Top of DATASET RECORDS

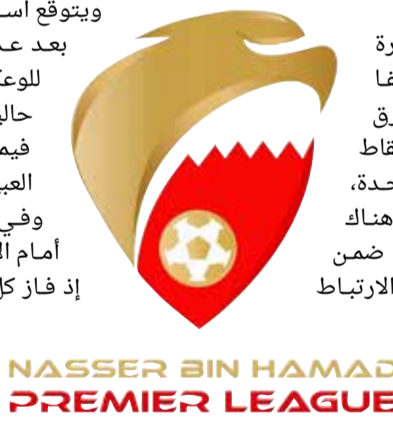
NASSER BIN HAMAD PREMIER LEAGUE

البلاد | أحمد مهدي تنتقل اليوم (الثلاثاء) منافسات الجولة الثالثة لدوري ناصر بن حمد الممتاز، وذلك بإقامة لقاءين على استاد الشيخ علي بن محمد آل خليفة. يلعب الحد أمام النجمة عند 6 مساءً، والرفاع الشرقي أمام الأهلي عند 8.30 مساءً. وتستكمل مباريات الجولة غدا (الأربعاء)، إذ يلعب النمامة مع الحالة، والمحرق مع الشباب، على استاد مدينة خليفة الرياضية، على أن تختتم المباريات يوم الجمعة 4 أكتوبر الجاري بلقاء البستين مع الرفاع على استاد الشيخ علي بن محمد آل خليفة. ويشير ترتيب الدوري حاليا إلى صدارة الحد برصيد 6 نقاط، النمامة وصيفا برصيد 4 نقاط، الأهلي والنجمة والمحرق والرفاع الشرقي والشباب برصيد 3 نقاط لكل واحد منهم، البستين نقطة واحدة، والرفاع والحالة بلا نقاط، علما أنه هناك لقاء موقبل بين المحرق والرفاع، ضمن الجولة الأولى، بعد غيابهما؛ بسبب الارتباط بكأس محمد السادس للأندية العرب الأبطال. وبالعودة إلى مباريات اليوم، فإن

Bottom of DATASET RECORDS
Top of DATASET RECORDS

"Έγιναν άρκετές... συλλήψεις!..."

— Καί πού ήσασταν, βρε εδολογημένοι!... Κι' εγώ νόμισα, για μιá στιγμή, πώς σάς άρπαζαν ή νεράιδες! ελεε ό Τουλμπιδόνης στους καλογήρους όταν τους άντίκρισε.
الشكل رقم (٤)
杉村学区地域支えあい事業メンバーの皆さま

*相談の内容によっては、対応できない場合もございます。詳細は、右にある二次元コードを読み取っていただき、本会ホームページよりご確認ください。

Bottom of DATASET RECORDS
Top of DATASET RECORDS

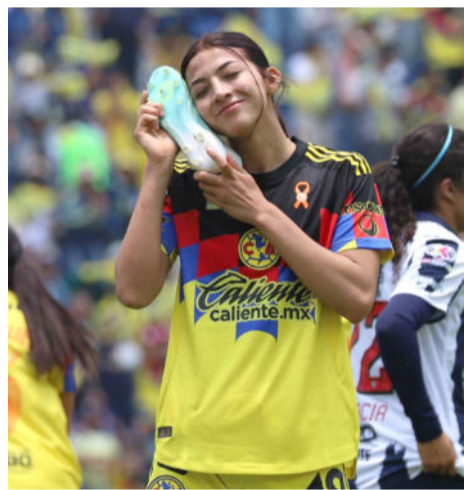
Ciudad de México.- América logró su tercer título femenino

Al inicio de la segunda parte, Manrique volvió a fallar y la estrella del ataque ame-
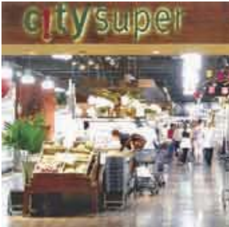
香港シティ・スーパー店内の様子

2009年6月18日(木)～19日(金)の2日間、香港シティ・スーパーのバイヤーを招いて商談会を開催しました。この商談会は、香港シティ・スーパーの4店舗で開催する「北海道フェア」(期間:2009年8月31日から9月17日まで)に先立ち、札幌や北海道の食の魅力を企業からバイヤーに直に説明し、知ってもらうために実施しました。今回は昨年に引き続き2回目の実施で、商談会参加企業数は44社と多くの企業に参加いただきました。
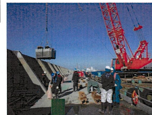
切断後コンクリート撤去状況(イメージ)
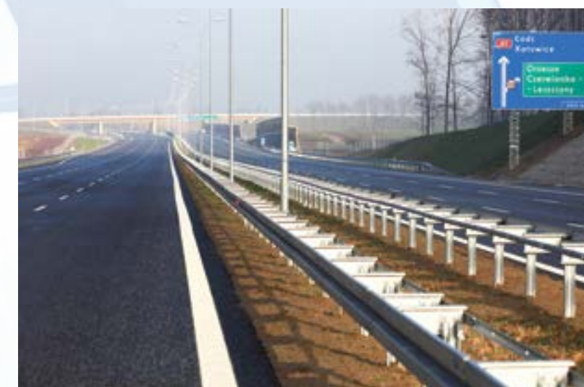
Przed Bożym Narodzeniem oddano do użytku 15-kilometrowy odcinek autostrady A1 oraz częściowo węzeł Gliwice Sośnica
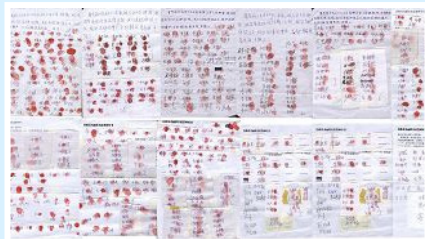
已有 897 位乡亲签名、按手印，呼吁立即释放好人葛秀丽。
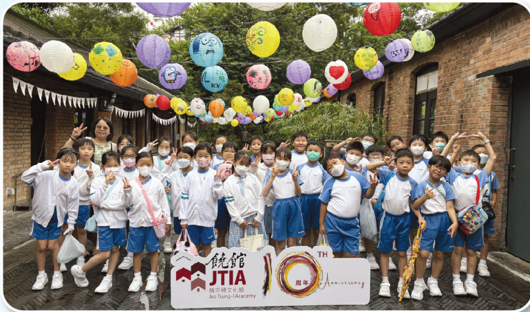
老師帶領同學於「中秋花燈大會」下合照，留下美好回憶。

Bottom of DATASET RECORDS

§ **ACTIVITY**
Each line above that contains "香港シティ" must be copied out.

§ **ANSWER SPACE**
香港シティ・スーパー店内の様子
2009年6月18日(木)～19日(金)の2日間、香港シティ・スーパーのバイヤーを招いて商談会を開催しました。この商談会は、香港シティ・スーパーの4店舗で開催する「北海道フェア」(期間:2009年8月31日から9月17日まで)に先立ち、札幌や北海道の食の魅力を企業からバイヤーに直に説明し、知ってもらうために実施しました。今回は昨年に引き続き2回目の実施で、商談会参加企業数は44社と多くの企業に参加いただきました。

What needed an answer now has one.